Assignment: From the first line of the listing, copy each line exactly until you have included the line with "为深化法治政府建设,进一步优"; leave out the pictures.

Source information:
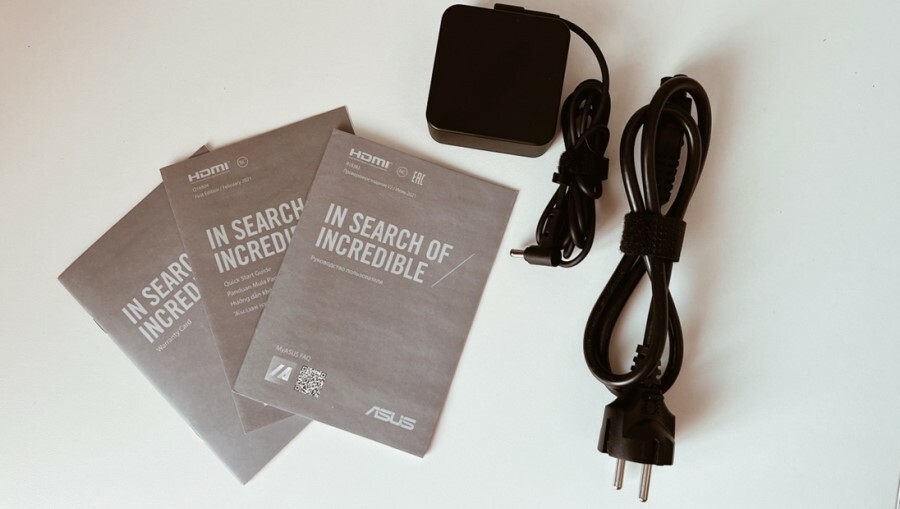По традиции заглянем внутрь коробки. Здесь нас ждет минимально-необходимая комплектация, состоящая из адаптера на 90 Вт и шнура для подзарядки, стандартного мануала от ASUS и, конечно же, сам ноутбук.
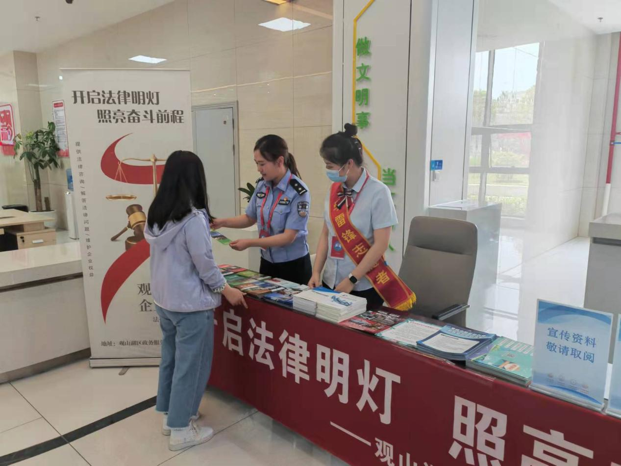 为深化法治政府建设,进一步优化政务服务营商环境,加强道路交通安全法制宣传,预防和减少道路交通事故,2023年5月5日,贵阳市公安交通管理局借助观山湖区“企业之家”法律服务资源咨询活动,通过发放道路交通安全宣传资料,解答群众现场提问等方式,向企业和群众普及道路交通安全法律知识等相关法律知识,同时发放交通安全指南,为平安观山湖提供有力的支撑和保障。
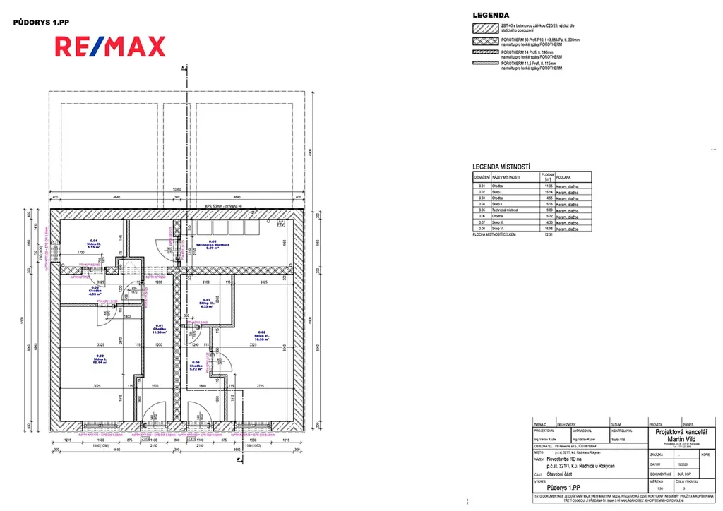 V 1.PP je prostorný sklep s denním světlem, který lze využít i jako pracovnu či fitness. Součástí 1.PP je i technické zázemí. K domu patří zahrada a o celkové výměře 478 m2. Vytápění je řešeno teplovodním podlahovým topením napojeným na tepelné čerpadlo NIBE, součástí je zásobník TUV. Na střeše budou instalovány fotovoltaické panely o výkonu 30 kWp, což zajišťuje velmi úsporný provoz domu. Dům spadá do energetické třídy A, což ho řadí mezi budovy s minimální náročností energie. Stavba je navržena jako zděná z keramických cihel POROTHERM (obvodové zdivo 300 mm, příčky 115 mm). Krov je z dřevěných vazníků, pultová střecha s plechovou falcovanou krytinou. Osazena budou plastová okna s trojskly, v exteriéru v barvě antracit, v interiéru bílá, doplněná o venkovní žaluzie. Vstupní dveře budou ve stejném barevném provedení. Podlahy obytných místností vinylové, v koupelně, na WC a v technické místnosti keramické dlažby. Pozemek bude oplocen pletivem a budou provedeny terénní úpravy. Zpevněné plochy budou ze zámkové a terasové dlažby.
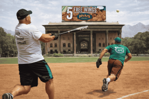 Purple trailed by nine entering the buffet. Jeff Stone got two quick outs, retiring Patrick Schmidt and Rick Jensen on grounders to second baseman Scott Wright. Larry Shupe came up and smoked a triple over the head of Ken Brown in right-center – I don’t think I was alone in rooting for Larry to Go for the Pluckers, but he elected to not risk making the final out in search of personal glory. The game ended with Jeff Stone getting Daniel Baladez to pop out to first baseman Dale Fugate.
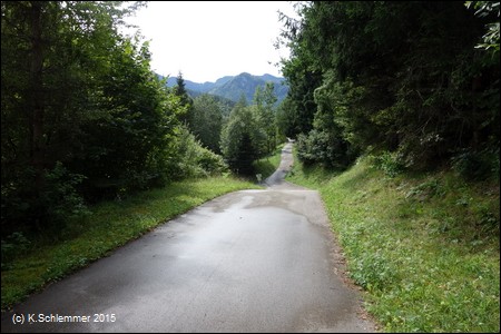Vorsicht an der Kreuzung mit der Bundesstraße! Dann geht es zügig bergab.

Your response:
По традиции заглянем внутрь коробки. Здесь нас ждет минимально-необходимая комплектация, состоящая из адаптера на 90 Вт и шнура для подзарядки, стандартного мануала от ASUS и, конечно же, сам ноутбук.
 为深化法治政府建设,进一步优化政务服务营商环境,加强道路交通安全法制宣传,预防和减少道路交通事故,2023年5月5日,贵阳市公安交通管理局借助观山湖区“企业之家”法律服务资源咨询活动,通过发放道路交通安全宣传资料,解答群众现场提问等方式,向企业和群众普及道路交通安全法律知识等相关法律知识,同时发放交通安全指南,为平安观山湖提供有力的支撑和保障。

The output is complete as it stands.